RECORDS TO USE START

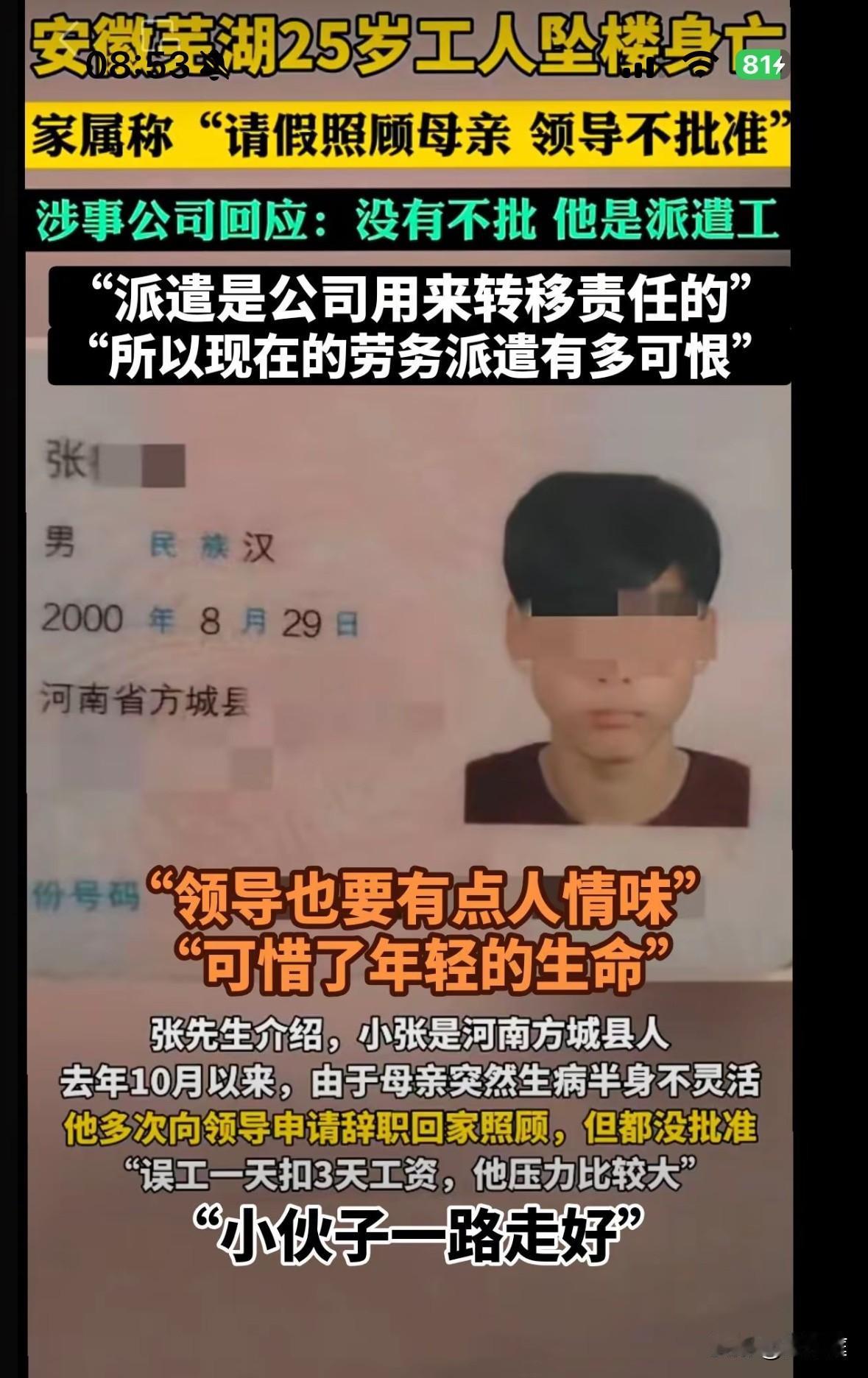 25岁小伙从34岁楼跳下后,最惨的莫过于他的姐姐了。她们的母亲半身不遂,本就需要专人伺候,如今弟弟也没了。这就意味着,未来所有的压力都承担在了她一人身上! 她们是河南省方城人,弟弟小张于2000年出生。前不久,得知母亲生病后,小张便想要从芜湖的公司离职回到老家去照顾母亲。 悲剧是2025年12月27日晚上发生的,当天,年仅25岁的小张从34楼一跃而下,结束了自己年轻的生命! 悲剧发生后,有多名工友实名证实:小张生前曾向领导辞职,但领导并未批准。辞职被拒后,小张承担了巨大的心理压力。 他是通过劳务派遣公司进入该家公司的,在辞职未得到批准之前,矿工一天得扣三天工资! 这样的经历,只有经历过的人才会懂!工人们一天需要付出数个小时的时间与汗水,才能换来为数不多的薪水。而一天不上班就扣三天工资,这对于任何一个在厂里上班的年轻人来说,都不是一件好接受的事情。 而这个小伙子一边急需去看护和照顾母亲,一边还得面对无法排解的压力,最终选择了轻生。 眼下,最难的要属他的姐夫、姐姐。本来,他们还有个弟弟可以分担一下母亲的养老责任。可随着小张的离去,所有的压力都给到了他们。 可怜的小张终究是冲动了,他忽略了,无论任何事都远远没有自己的生命更重要!他的母亲本身就病着啊,如今,这样的结果让老人如何接受呢?[祈祷][祈祷][祈祷]
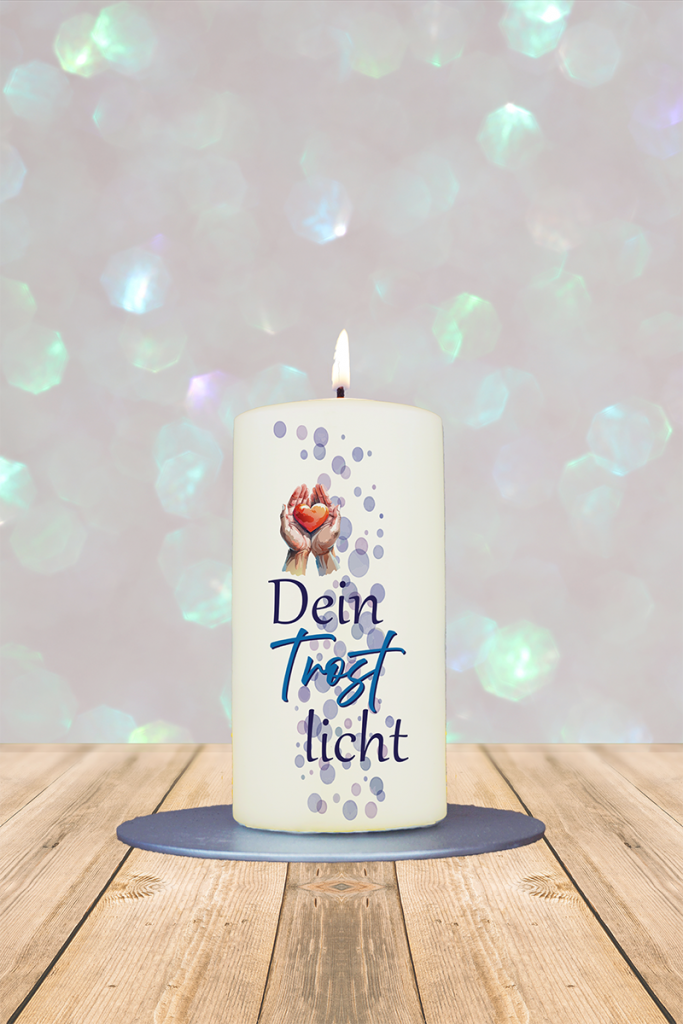 Zwei Hände, die ein Herz behutsam tragen – dieses Kerzchen spendet Trost, wenn Worte fehlen. Das „Trostlicht“ ist eine stille Umarmung in Lichtform, ein Zeichen der Zuwendung für schwierige Zeiten und ein Lichtblick für müde Herzen.
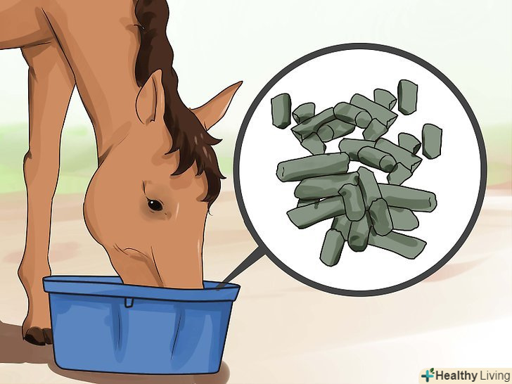 Згодуйте коні препарат. Запропонуйте коні зерно, змішане з гранульованим глистогінним засобом. Простежте за тим, щоб вона з'їла всю порцію їжі, щоб переконатися в тому, що вона отримала свої ліки. Якщо Кінь відмовиться їсти зерно з гранулами, додайте в нього трохи чорної патоки, щоб спонукати тварину закінчити трапезу. [15]- Якщо ви плануєте годувати коня сіном, почекайте, поки вона повністю не з'їсть суміш зерна з гранулами.
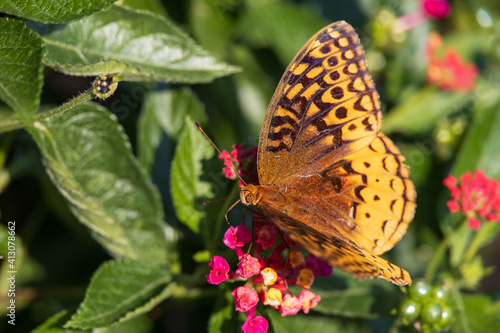 Obraz premium Variegated Fritillary butterfly on Lantana flowers
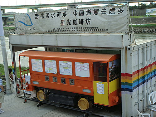 彩虹橋下坐著喝咖啡和飲料的民眾,在忙碌的台北市,能有如此悠閒的地方真不錯!
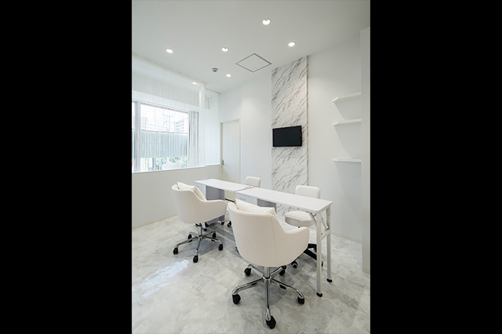オフホワイトの石目の壁には、ロゴサインを取り付けてフォトジェニックな空間に仕上げました。また、各ブースに異なる素材を取り入れながらもモノトーンで統一する事で、 ラグジュアリーな空間に。ネイルブースはストリングスカーテンで緩やかに仕切る事で、 柔らかい女性らしさを表現しています。
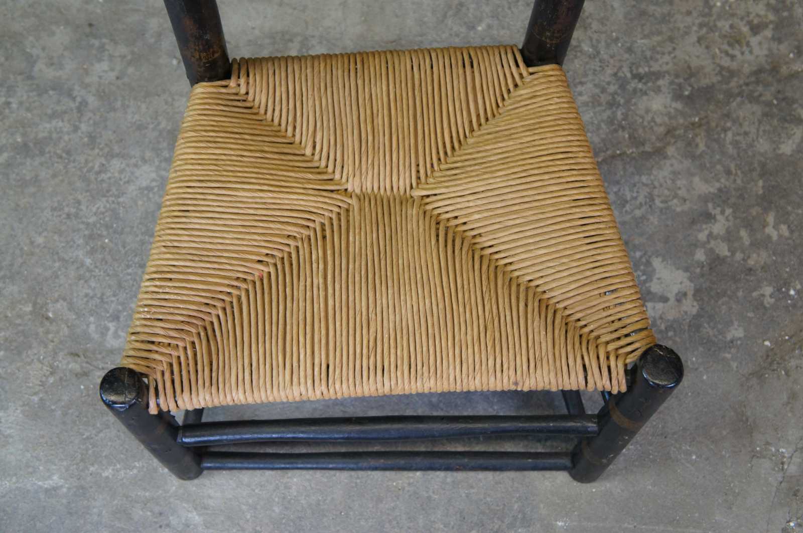 Antique mid 18th century Shaker chair featuring painted accents with ladderback and rush seat. Circa 1757, American.
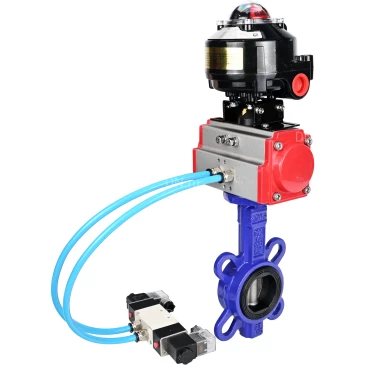 Затвор дисковый поворотный для абразивных сред DN.ru WBV1632E-2W-Fb-H Ду65 Ру16, корпус - чугун QT450, диск - нержавеющая сталь 316L, уплотнение - EPDM, с пневмоприводом PA-DA-052, пневмораспределителем DN.ru 4V320-10 220В, БКВ DN.ru APL-510N EX

RECORDS TO USE END

WORK REQUIRED: Please print the lines from the one holding "彩虹橋下坐著喝咖啡和飲料的民眾,在忙碌的台北市,能有如此悠閒的地方真不錯!" through the end of the records above, unchanged and with the pictures left out.

ANSWER FOR THE TASK:
 彩虹橋下坐著喝咖啡和飲料的民眾,在忙碌的台北市,能有如此悠閒的地方真不錯!
オフホワイトの石目の壁には、ロゴサインを取り付けてフォトジェニックな空間に仕上げました。また、各ブースに異なる素材を取り入れながらもモノトーンで統一する事で、 ラグジュアリーな空間に。ネイルブースはストリングスカーテンで緩やかに仕切る事で、 柔らかい女性らしさを表現しています。
 Antique mid 18th century Shaker chair featuring painted accents with ladderback and rush seat. Circa 1757, American.
 Затвор дисковый поворотный для абразивных сред DN.ru WBV1632E-2W-Fb-H Ду65 Ру16, корпус - чугун QT450, диск - нержавеющая сталь 316L, уплотнение - EPDM, с пневмоприводом PA-DA-052, пневмораспределителем DN.ru 4V320-10 220В, БКВ DN.ru APL-510N EX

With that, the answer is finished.